回転数比はタコメータやエンコーダでn_inとn_outを同時計測するのが確実である。高速側は光学式、低速・高トルク側は磁気式や高分解能エンコーダが有効である。歯車列では歯数から静的に推定でき、ベルトではプーリ径と予想すべり率から推算する。試運転時に負荷を変えてrの安定度を確認すると良い。

設計指標と注意点

  • 回転数比が小さい(大減速)ほどトルクはT_out≈η·T_in/gで増大し、η(効率)の影響が顕著となる。
  • 複数段の合成では効率は積で効くため、段数を増やすほど損失が増える。
  • 共振回避のため、r設定により危険速度域(Hz)を外す設計が重要である。
  • ベルトは温度・張力で実効rが変動するため、テンショナで管理する。
  • 歯車は製造誤差やバックラッシュが速度脈動を生み、制御系に影響しうる。

例題

  1. モータ1800rpmが外接歯車対(z1=20,z2=60)を駆動する。

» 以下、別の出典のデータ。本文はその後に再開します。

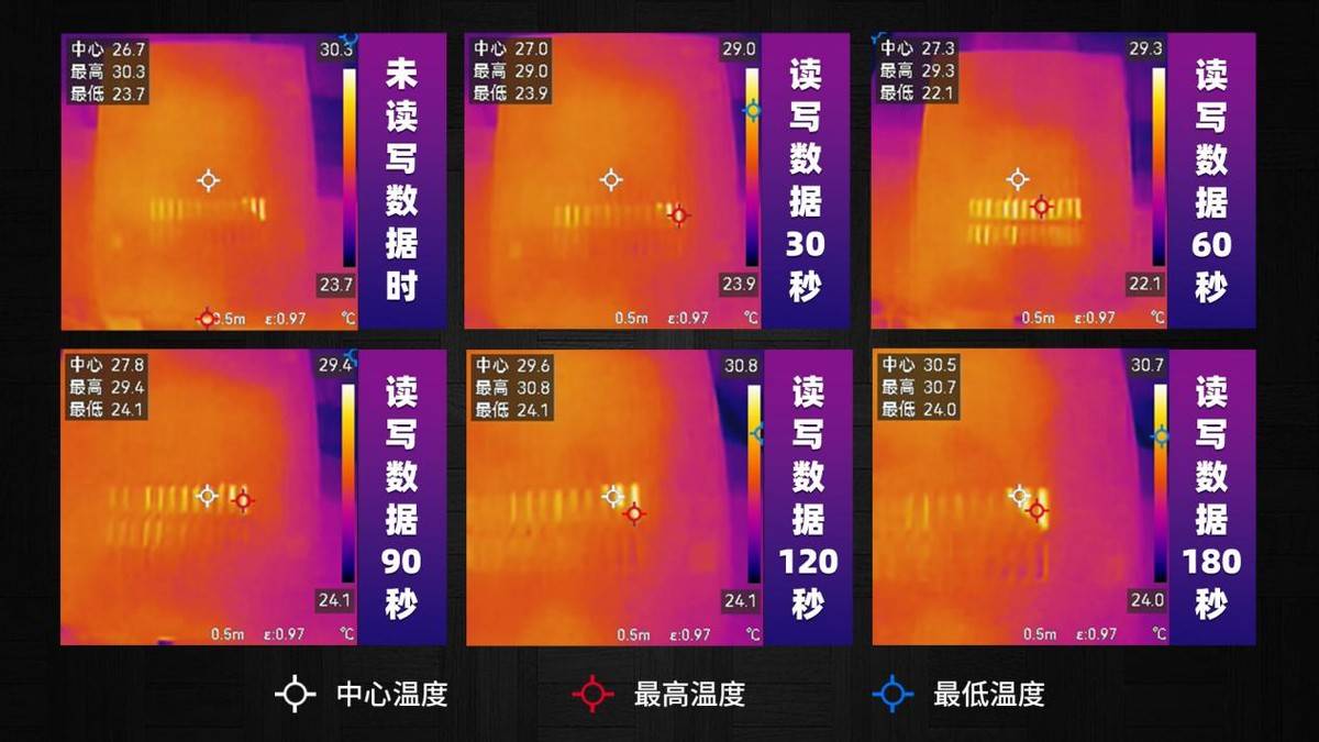 在室温26.5°C(机箱无散热风扇,机箱侧板打开状态),通过手持测温热像仪检测温度,通过MB991SK-B连接测试,硬盘在待机时,温度为26.7°C,随后每30秒进行一次温度监控,具体数据如上图所示,测试超过180秒后,温度维持在30.5°C,随后温度一直保持在30°C-32°C,属于正常温度水平(正常温度为50°C以内)。

|r|=20/60=1/3より出力は600rpm。
  2. さらに直径比d1/d2=1/2のベルト段を続けると、合成回転数比はr_total=(1/3)×(1/2)=1/6で、最終出力は300rpm。
  3. 減速比で表すとg_total=6、トルクはT_out≈η_total·6·T_in(η_totalは各段効率の積)。

よくある誤解

  • 歯車の「歯数比」と回転数比の向きを取り違える(外歯でrの符号が反転する点にも注意)。
  • ベルトで外径ではなく実効径を使わず誤差を生む。
  • rとgを混用し、制御パラメータ(速度指令やトルク換算)を誤設定する。

関連する規格・用語

  • JIS/ISOの歯車用語(基準歯直角・転位・バックラッシュ)と速度比の定義。
  • ベルト伝動(Vベルト、タイミングベルト)の設計指針とすべり許容。
  • エンコーダ仕様(PPR、分解能、最大応答周波数)による回転数比測定の精度管理。